For the twelfth week of TORCH Goes Digital, we focused on the theme of Translation. Translation can be seen as producing a text in one language that will count as equivalent to a text in another. It can also be seen as a release of multiple signifying possibilities, an opening of the source text to Language in all its plurality.
Popular content included Media, Translation and Ekphrasis: Dante and the Visual Arts, ‘French dog!’: interpreting insults on the streets of London, and Confessions of a Programme-note Writer, by our TORCH Director, Philip Bullock.
We cast our minds back to the brilliant Linguamania event at the Ashmolean museum, where attendees immersed themselves in a multilingual world, with music, theatre, language tasters and interactive art. A variety of talks are available to listen to, including Bilingualism and the Internet, A Tristan Tile in the Ashmolean and Do Objects Speak?
On Wednesday evening, we had our first online Book at Lunchtime event on Prismatic Translation, edited by Professor Matthew Reynolds. We were joined by Professor Marilyn Booth, Professor Nicola Gardini, and Dr Stefano-Maria Evangelista, who chaired the discussion. Matthew Reynold’s volume explores prismatic modes of translation in ancient Egypt, contemporary Taiwan, twentieth-century Hungary, early modern India, and elsewhere. It gives attention to experimental literary writing, to the politics of language, to the practices of scholarship, and to the multiplying possibilities created by digital media.
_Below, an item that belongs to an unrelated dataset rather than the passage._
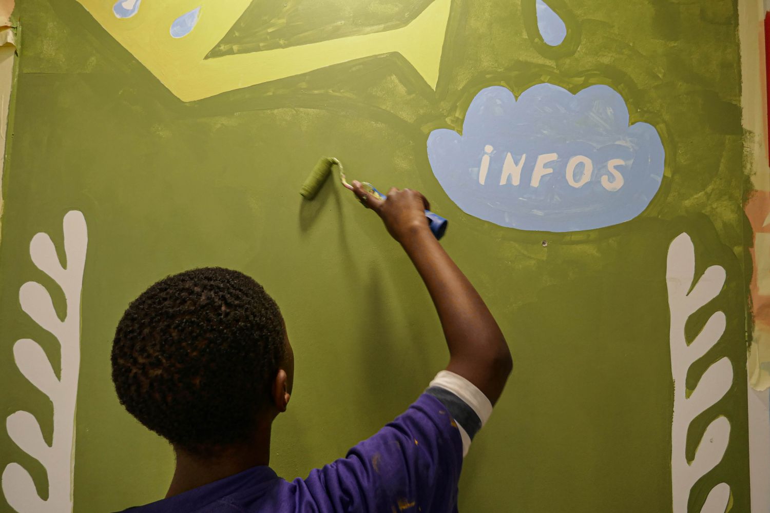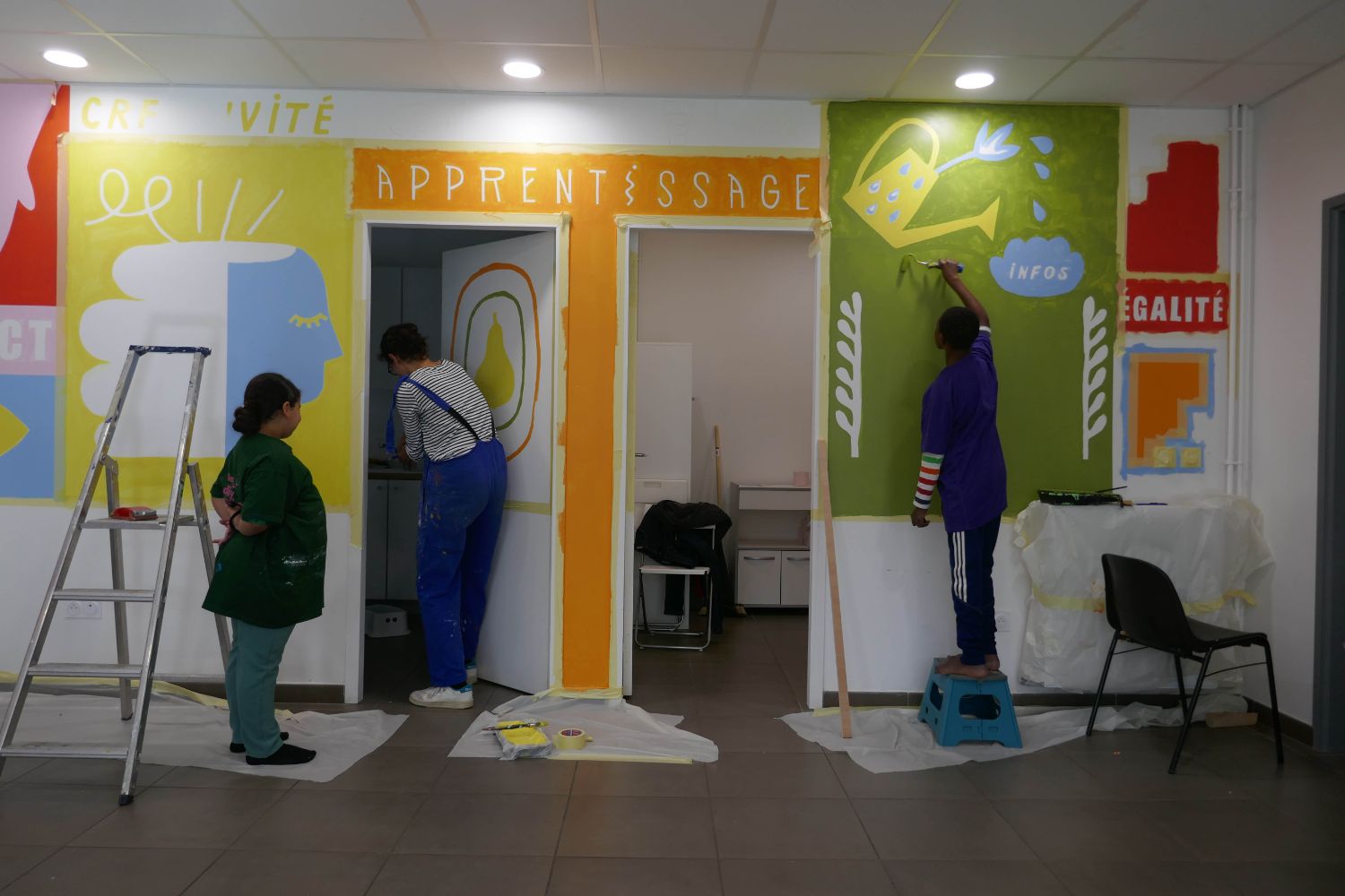 Dans le cadre de la réalisation d’une peinture murale en coopération avec les résident·es dans la salle polyvalente de la résidence Jean Rostand et à la suite de la conception d’un livret de présentation du projet de vie sociale et partagée de la résidence, notre collectif est intervenu pour définir avec les résident·es les valeurs de la maison des projets et les mettre en image.

On the evening of Thursday 11th June, we had our tenth Big Tent, Live Events! live-streamed event: Voices from the Wings: Poetry, Performance and Translation on and off the page. We all enjoyed listening to a fascinating conversation between academic, translator and writer Karen Leeder and poet, performer and novelist Ulrike Almut Sandig who have been collaborating for the last eight years.